═══ Data shown ═══
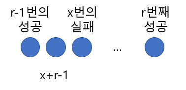 따라서, r번째 성공 전의 시행들 중에 실패시행은 x회가 들어있고 성공시행은 r-1회가 있다.
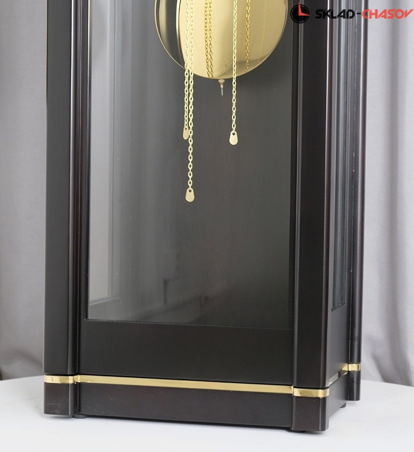 Золотые вставки в верхней и нижней части корпуса сочетаются с тоном маятника и гирь ;
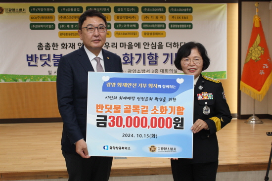 (전남=NSP통신) 김성철 기자 = 광양상공회의소(회장 우광일)는 광양소방서에 반딧불 골목길 소화기함 설치 사업비 3000만원을 기탁했다.
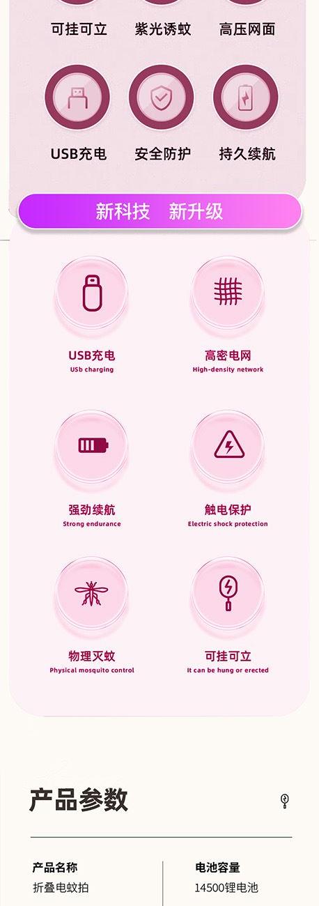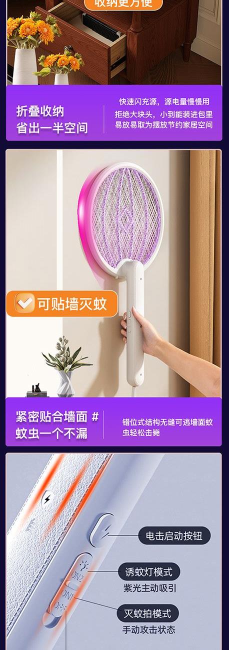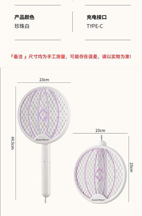 额定电压:5V 额定功率:3W 型料材质:PP 输出电压:3000V~ 产品尺寸:23*44.5CM 旋转折叠一拍双用多重保护,3000V高密度电网全新的塑网防护设计,365nm变频光波自动诱蚊,两种灭蚊模式即是电蚊拍也是灭蚊灯。轻松转换壁挂自动灭蚊,吸引蚊虫智能灭蚊省心省力,3000mAh锂电池强劲持久续航,充电时间为2小时,充满约可使用一个月。
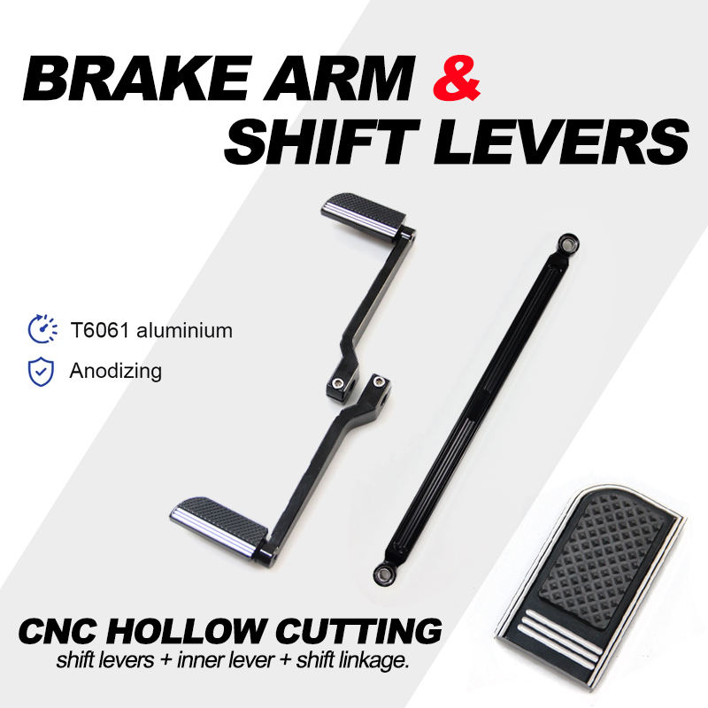 The kit includes:Front + rear + shift + brake + guard bar foot pedal
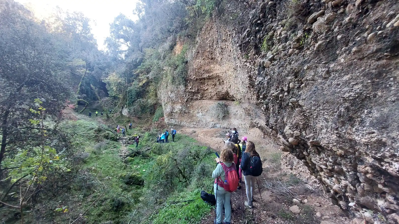 Η ομάδα περπατά σε ηλιόλουστο μονοπάτι πριν την είσοδο στο φαράγγι.
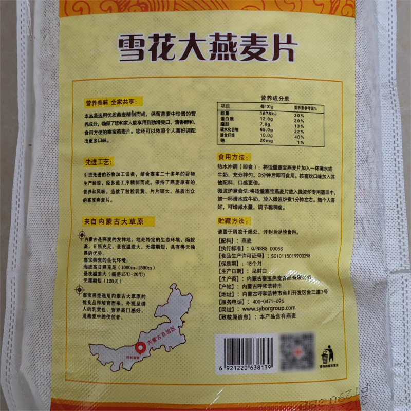 📚 塞宝 燕麦片1250g 即食祼麦片 内蒙特产 早餐免煮 粗粮赛宝 香糯
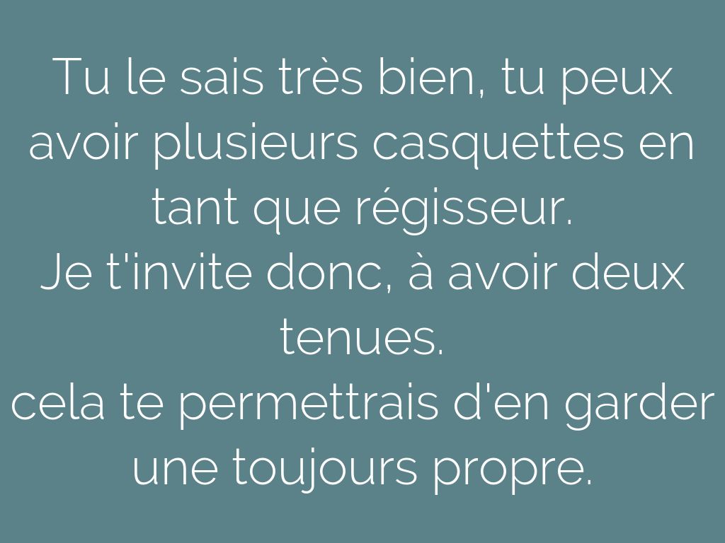Tu le sais très bien, tu peux avoir plusieurs casquettes en tant que régisseur.
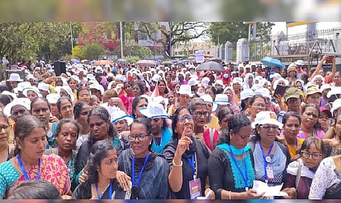 Kerala ASHA Health Workers Association (KAHWA) members have been protesting outside the Secretariat for 57 consecutive days, demanding retirement benefits and a higher honorarium.
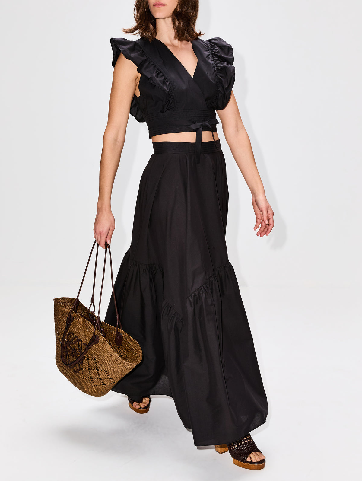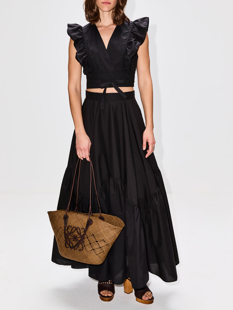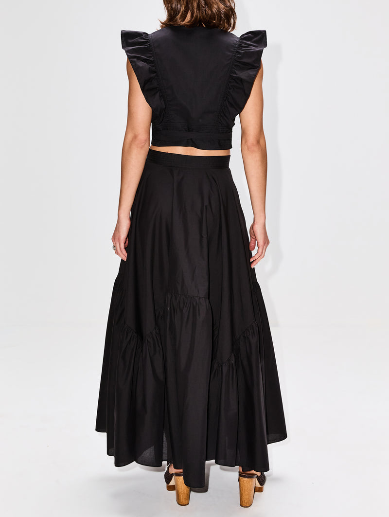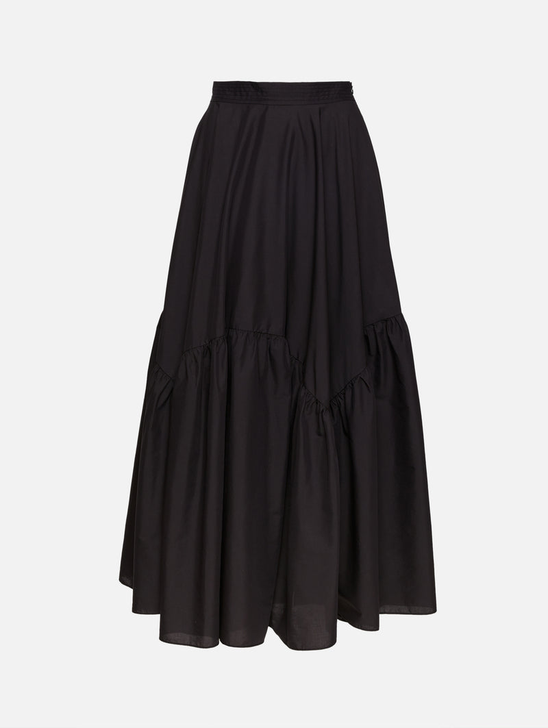 The Astree features a flared maxi cut with gathered details that add a feminine touch.
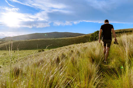 A man hiking in the Royal Natal National Park in Bonjaneni, South Africa
═══
## Activity:
Reprint each of the records exactly and skip the images.

## Exercise answer:
 따라서, r번째 성공 전의 시행들 중에 실패시행은 x회가 들어있고 성공시행은 r-1회가 있다.
 Золотые вставки в верхней и нижней части корпуса сочетаются с тоном маятника и гирь ;
 (전남=NSP통신) 김성철 기자 = 광양상공회의소(회장 우광일)는 광양소방서에 반딧불 골목길 소화기함 설치 사업비 3000만원을 기탁했다.
 额定电压:5V 额定功率:3W 型料材质:PP 输出电压:3000V~ 产品尺寸:23*44.5CM 旋转折叠一拍双用多重保护,3000V高密度电网全新的塑网防护设计,365nm变频光波自动诱蚊,两种灭蚊模式即是电蚊拍也是灭蚊灯。轻松转换壁挂自动灭蚊,吸引蚊虫智能灭蚊省心省力,3000mAh锂电池强劲持久续航,充电时间为2小时,充满约可使用一个月。
 The kit includes:Front + rear + shift + brake + guard bar foot pedal
 Η ομάδα περπατά σε ηλιόλουστο μονοπάτι πριν την είσοδο στο φαράγγι.
 📚 塞宝 燕麦片1250g 即食祼麦片 内蒙特产 早餐免煮 粗粮赛宝 香糯
Tu le sais très bien, tu peux avoir plusieurs casquettes en tant que régisseur.
 Kerala ASHA Health Workers Association (KAHWA) members have been protesting outside the Secretariat for 57 consecutive days, demanding retirement benefits and a higher honorarium.
 The Astree features a flared maxi cut with gathered details that add a feminine touch.
 A man hiking in the Royal Natal National Park in Bonjaneni, South Africa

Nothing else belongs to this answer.